Сколько в рассказе было правды, можно было только гадать.

После ухода повара Вельс попросил ещё шербета и неспешно пил его, обдумывая план действий.

Безумие, как есть безумие… Они с Хасаном против целой армии. У него были в запасе две жизни, подаренные Рагнаром, но как их использовать, Вельс придумать не мог, поэтому решил на них и не рассчитывать. И всё же он был готов рискнуть ими ради Зейна, ради заносчивого царевича, который до последнего вечера удостаивал его разве что презрительными взглядами… Но в груди всё ныло от тоски по нему, а стоило представить эту гордую красоту растоптанной, так и вовсе начинал он думать, что лучше для царевича смерть. Так и решил для себя: смогу спасти – спасу, не получится – помогу умереть. Чтобы не в позоре и муках, а быстро, разом…

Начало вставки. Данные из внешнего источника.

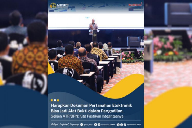 SUARA NGAWI, JAKARTA - Sekretaris Jenderal (Sekjen) Kementerian Agraria dan Tata Ruang/Badan Pertanahan Nasional (ATR/BPN), Suyus Windayana mengatakan bahwa dokumen pertanahan elektronik ke depannya dapat menjadi alat bukti dalam pengadilan. Saat membuka kegiatan Monitoring dan Evaluasi Implementasi Penerbitan Dokumen Elektronik pada Layanan Pertanahan Tahun 2024, Kamis (28/11/2024), ia mengatakan bahwa dengan sistem elektronik bisa lebih terjaga kredibilitas data pertanahannya.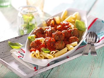 Penne nach Packungsanleitung 10-12 Minuten zubereiten, auf 4 Teller verteilen, mit Fleischbällchen und Sauce servieren und mit Basilikumblätter dekorieren.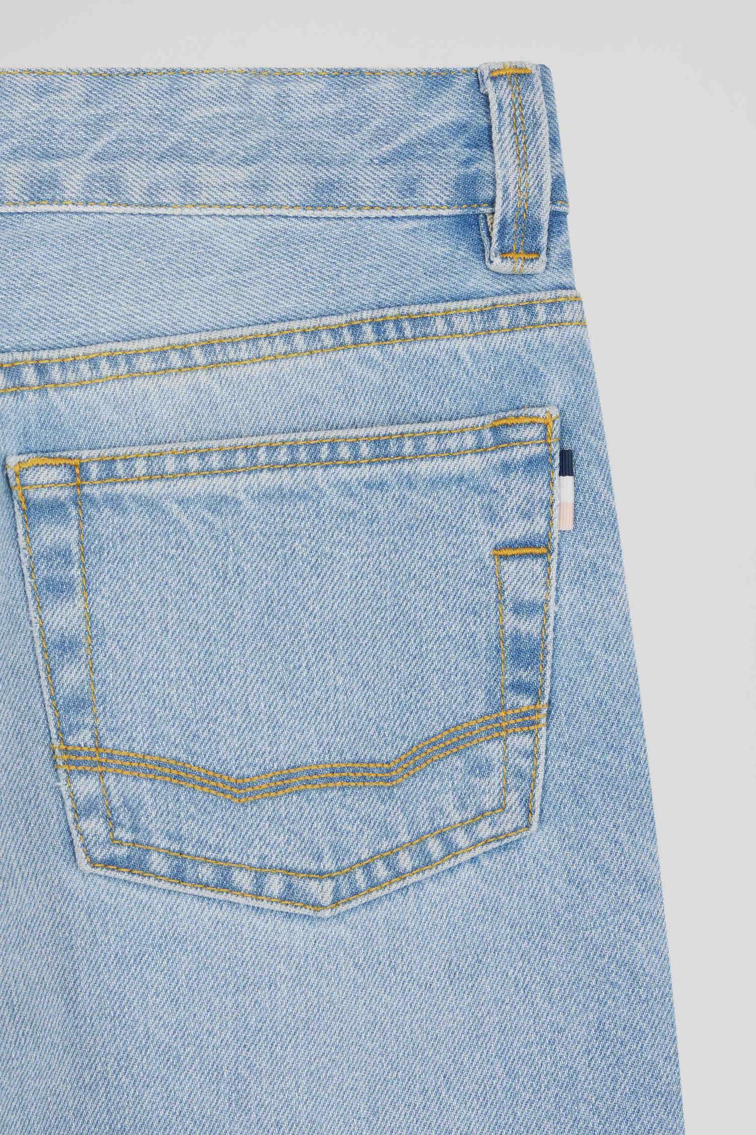 Discover our oversized jeans for kids, designed in light denim for a modern, on-trend look. These pants feature roomy pockets and an elegant embroidered bow on the ticket pocket, combining style and practicality. Perfect for everyday adventures, these jeans offer comfort and freedom of movement, while adding a neat touch to their outfit.

Уж он-то, Вельс, знал разницу… Тогда, в пустыне, от удара в живот он умер не сразу и от яда в Ситии кричал, корчился и погибал долго и мучительно; легче всего было, когда царевич горло ему перерезал – страшно, больно, но быстро.

Вельс с Хасаном отправились во дворец через подземный ход вечером следующего дня – ждать дольше они уже не могли. В тайный ход они пробрались легко, да и наружу вышли без особых хлопот: на выходе стоял лишь один стражник. Труднее было добраться до покоев царевича, не попавшись никому на глаза, но в это время дня переходы дворца уже были пустынны, к тому же, в покоях опального царевича больше не осталось ни придворных, ни слуг, ни даже охраны. Там было тихо и темно – не как раньше.

Вельс уже думал, что им так до самой спальни Зейна никто не попадётся, но на входе в комнату, её предшествовавшую, стояли двое стражников. Хасан не раздумывая кинулся на них, размахивая палашом. Вельс бросился вслед за ним, успев лишь разглядеть на охранниках жёлтые кушаки личной охраны царевича Хангира. Сейчас уже шаха…

Вельс до противника только добежать успел, как Хасан со своим уже расправился.

Но едва северянин успел скрестить клинки с охранником, как из дверей перед ними посыпалась ещё стража. Вельс даже пересчитать не успел – не меньше семи, должно быть. А может, и десяток… Они выстроились в полукруг напротив Вельса и Хасана.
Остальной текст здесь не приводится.